Les photographies ont été prises à Vancouver, en France et à Yellowknife. D’emblée, il admet préférer prendre en photo la décharge publique plutôt que les aurores boréales. « Les aurores me passent par-dessus la tête. Je ne fais que du noir et blanc, pas de couleurs. » Peu bavard, il laisse entendre que la nature n’atteint pas ses cordes sensibles. « J’aime plus le style classique », résume l’étudiant de 16 ans, dont le travail est exposé en solo pour la première fois. Un style qu’il va chercher dans les contrastes de lumière, le mouvement, le noir et blanc, les lignes et les formes.

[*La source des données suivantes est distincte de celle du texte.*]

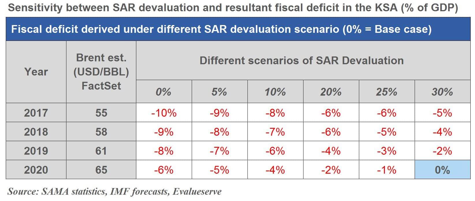 Our analysis shows that 30% SAR devaluation would effectively bridge KSA’s fiscal deficit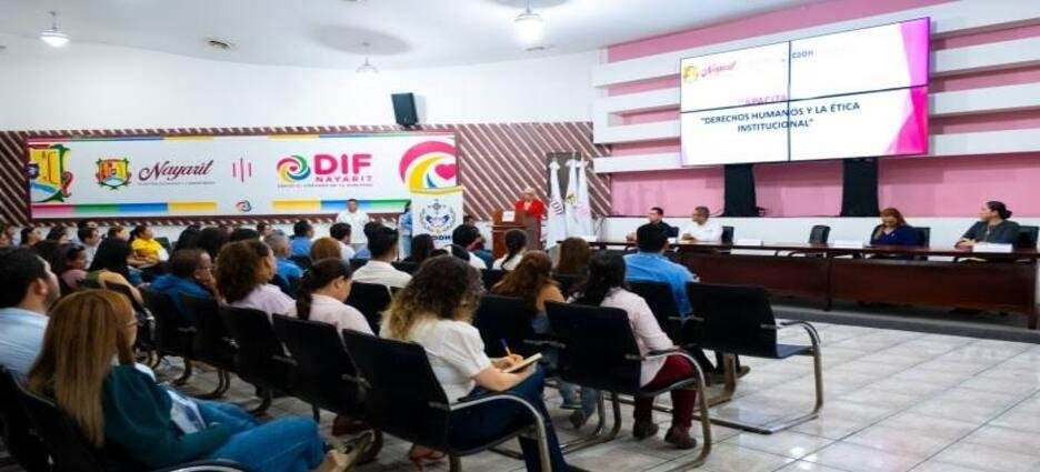 Con el objetivo de garantizar que el trabajo y la atención que se otorgan en el Sistema DIF Nayarit, que preside la doctora Beatriz Estrada Martínez, se realicen bajo los principios de ética y responsabilidad, especialistas de la Comisión de Defensa de los Derechos Humanos para el Estado de Nayarit (CDDHN) llevaron a cabo la capacitación: “Derechos Humanos en la Ética Institucional”, dirigida al equipo de trabajo del Corazón de Nayarit.

C’est lors de la première classe de photographie de l’année scolaire que Maxime a montré son travail à l’enseignant Les Cameron. Déjà habile, le jeune photographe a vite délaissé les chaises du cours pour débutants, mais l’enseignant a voulu mettre sur pied l’exposition. Selon ses dires, le travail de Maxime est unique en soi. « Il utilise un filtre rouge qui absorbe les couleurs complémentaires. En noir et blanc, le bleu devient donc noir. C’est tout un accomplissement de développer son propre style à cet âge-là », explique Les Cameron, qui qualifie les images d’exceptionnelles par la composition, la qualité de l’impression et le choix des sujets.
Maxime Liron a commencé à manipuler un appareil photo lorsqu’il avait 11 ans. Il vivait alors en Colombie-Britannique et sa mère, qui venait tout juste d’acheter un appareil, est partie en balade avec lui dans un des parcs de Victoria. « Il m’a proposé d’aller dans le parc, de prendre un carnet, de faire des photos et d’inscrire à quelle ouverture et à quelle vitesse elles avaient été prises. Par la suite, c’est lui qui a continué tout seul », raconte Frédérique de Gasquet, qui décrit son fils comme un adolescent timide et solitaire.
Son talent ne passe pas inaperçu. Lorsqu’il avait 13 ans, sa mère a voulu l’inscrire dans un cours de photographie couleur en Colombie-Britannique, donné par une photographe professionnelle. Après une première rencontre, la photographe a indiqué à Frédérique de Gasquet qu’elle ne voulait pas donner de cours à son fils. « Elle m’a dit qu’il était dans un cheminement de l’école classique de la photo et qu’elle ne voulait pas qu’il apprenne de son style », se remémore Mme de Gasquet.
Le jeune photographe admet que le Nord offre des défis particuliers au capteur d’images. « Les jours sont plus courts et le froid complique le travail, car il faut utiliser ses mains sans les gants », révèle celui qui est originaire du sud de la France. Même si son rythme s’est ralenti avec les jours d’hiver, il veut capturer sur pellicule la culture autochtone, les courses de traîneaux à chiens et peut-être même le froid, histoire de se réconcilier avec ce qui lui complique la vie. Il traîne toujours sur lui un petit appareil 35 millimètres Rollei, ayant appartenu à sa mère, pour l’inspiration momentanée.
Ce n’est pas la première fois que l’école secondaire met sur pied une exposition de photographies, mais c’est une première pour une exposition à contenu artistique. Maxime Liron, qui n’envisage pas de faire carrière en photographie, veut également montrer son travail au Centre septentrional Prince-de-Galles. L’exposition se poursuit au cours des prochaines semaines.